INPUT DATA -
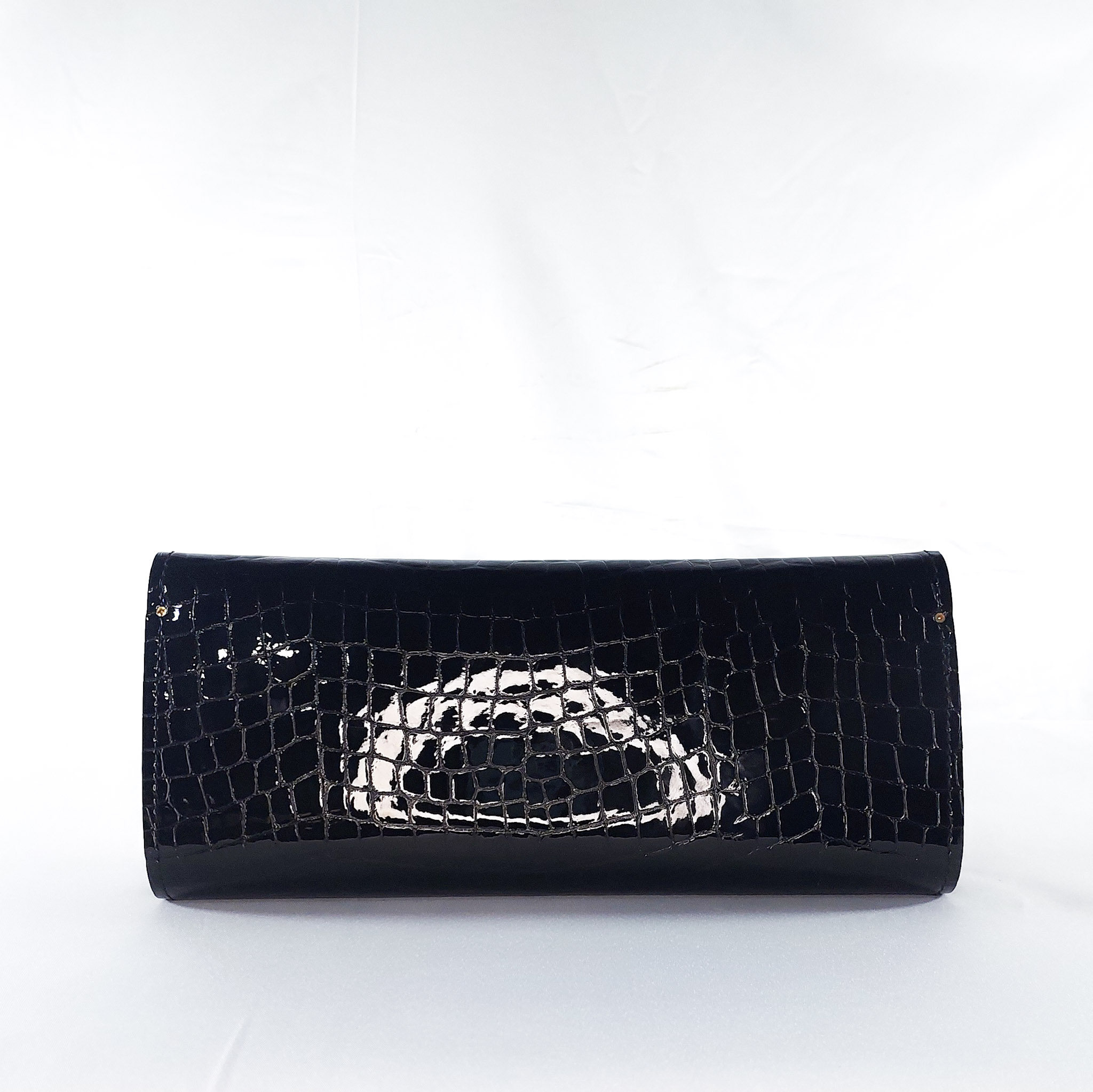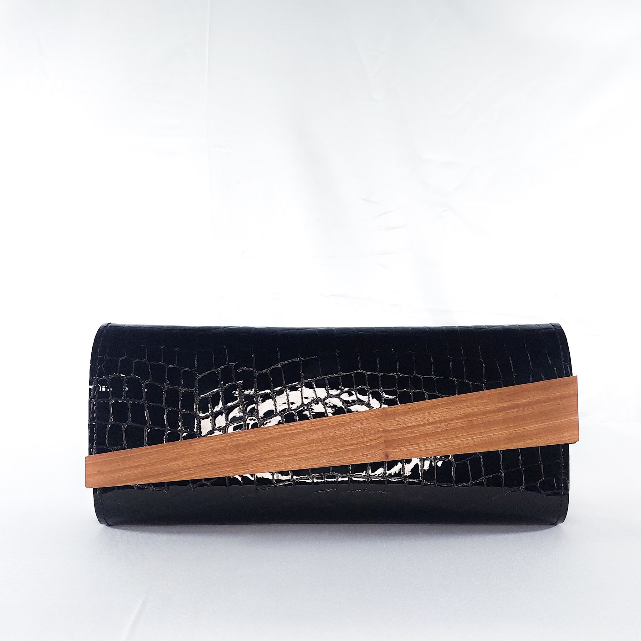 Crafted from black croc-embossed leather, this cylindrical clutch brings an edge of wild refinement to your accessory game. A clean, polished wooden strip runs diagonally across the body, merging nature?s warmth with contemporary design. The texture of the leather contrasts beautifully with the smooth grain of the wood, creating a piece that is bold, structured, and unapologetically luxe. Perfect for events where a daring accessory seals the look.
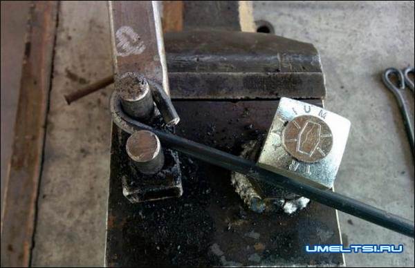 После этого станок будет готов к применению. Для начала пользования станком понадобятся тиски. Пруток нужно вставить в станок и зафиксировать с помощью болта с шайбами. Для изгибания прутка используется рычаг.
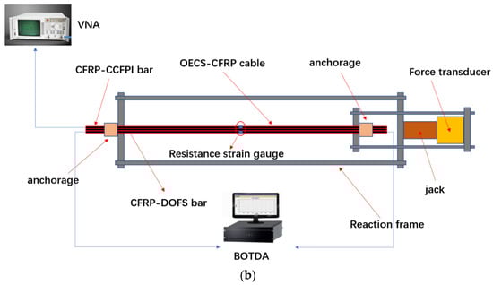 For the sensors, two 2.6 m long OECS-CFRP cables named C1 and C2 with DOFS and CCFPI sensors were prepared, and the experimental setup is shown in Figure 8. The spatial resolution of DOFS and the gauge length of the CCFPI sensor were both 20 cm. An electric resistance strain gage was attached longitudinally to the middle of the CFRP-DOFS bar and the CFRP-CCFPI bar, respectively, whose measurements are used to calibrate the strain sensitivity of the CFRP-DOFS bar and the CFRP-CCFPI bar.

TASK - Without including any pictures, print all of the material exactly as given.

ANSWER SPACE -
 Crafted from black croc-embossed leather, this cylindrical clutch brings an edge of wild refinement to your accessory game. A clean, polished wooden strip runs diagonally across the body, merging nature?s warmth with contemporary design. The texture of the leather contrasts beautifully with the smooth grain of the wood, creating a piece that is bold, structured, and unapologetically luxe. Perfect for events where a daring accessory seals the look.
 После этого станок будет готов к применению. Для начала пользования станком понадобятся тиски. Пруток нужно вставить в станок и зафиксировать с помощью болта с шайбами. Для изгибания прутка используется рычаг.
 For the sensors, two 2.6 m long OECS-CFRP cables named C1 and C2 with DOFS and CCFPI sensors were prepared, and the experimental setup is shown in Figure 8. The spatial resolution of DOFS and the gauge length of the CCFPI sensor were both 20 cm. An electric resistance strain gage was attached longitudinally to the middle of the CFRP-DOFS bar and the CFRP-CCFPI bar, respectively, whose measurements are used to calibrate the strain sensitivity of the CFRP-DOFS bar and the CFRP-CCFPI bar.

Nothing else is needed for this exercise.